= Black Salt Collective =

American artist collective

Black Salt Collective is an American queer, women-of-color artist collective that currently consists of four California-based artists and curators: Sarah Biscarra-Dilley, Grace Rosario Perkins, Anna Luisa Petrisko, and Adee Roberson. Founded in 2012, Black Salt Collective's art practice crosses disciplines and media, including performance, video, installation, sound, painting, collage, textiles, sculpture, and printmaking.

== History ==
Founding member Anna Luisa Petrisko has explained that, among other commonalities, the group's members "all make artwork with the intention of healing. Healing ourselves, healing our communities, healing the past and healing the future." The group is known for expanding narratives of art practice and art history beyond male, Eurocentric points of view.

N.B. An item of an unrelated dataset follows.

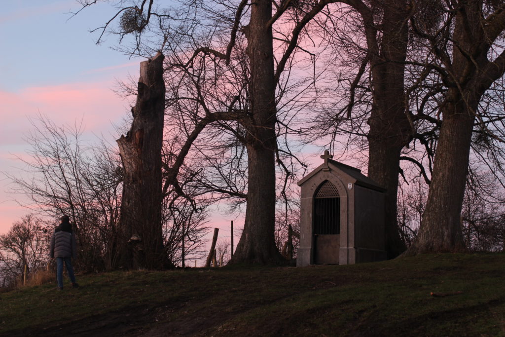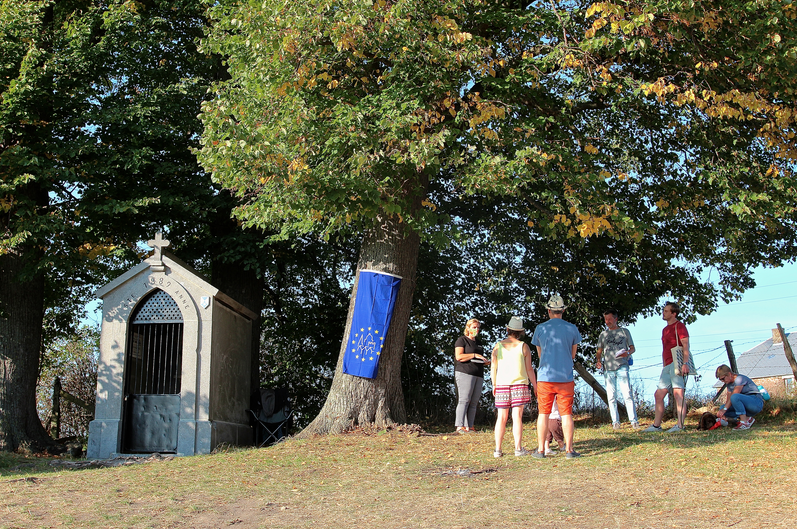 Arrivés à destination, vous découvrirez l’histoire étonnante de cette chapelle. Construite en 1879 autour d’un petit monument datant de 1794 qui abrite aujourd’hui encore la statue de Sainte Anne, elle se situe au croisement des deux révolutions de 1789, la française et la liégeoise, et de deux saintes Anne, la wallonne et la bretonne.

As an artist collective, Black Salt Collective has exhibited at Artists’ Television Access, the San Francisco Public Library (as part of the Radar Reading Series), Verge Center for the Arts, MIX Festival, Outsider Festival, and Glitch Festival Australia. Black Salt Collective was a recipient of a Southern Exposure grant in 2013. In 2016 Black Salt Collective participated in the Artist in Residence Program at Facebook. As a curatorial collective, Black Salt Collective has held a curatorial residency at SOMArts (2016) resulting in the exhibition "Visions into Infinite Archives." They have spoken at the Open Engagement conference (2016), the University of California, Santa Barbara, and Occidental College (2017).

== Projects and exhibitions ==

===Visions Into Infinite Archives===
Black Salt Collective's curatorial residency opened in January 2016 in SOMArt's Main Gallery with the exhibition “Visions Into Infinite Archives.” featured 30 artists and filmmakers of color. The exhibition has been described as "energetically showcasing" a wide spectrum of artists of color engaging in equally varied disciplinary and conceptual approaches" while also " putting elements of their ancestry in dialogue with their lived experiences through inventive juxtapositions, many offering visions of utopian futures." The work in this exhibition "consists of indigenous-themed large-scale day-glow paintings, paper mâché masks with contorted features and varying expressions, performance-based videos and collages which adorn the walls."

===Space and Place===
A multimedia exhibition featuring images and video of the Black Salt Collective members singing and dancing in the confines of a room. This was shown at the Verge Center for the Arts in Sacramento in 2018.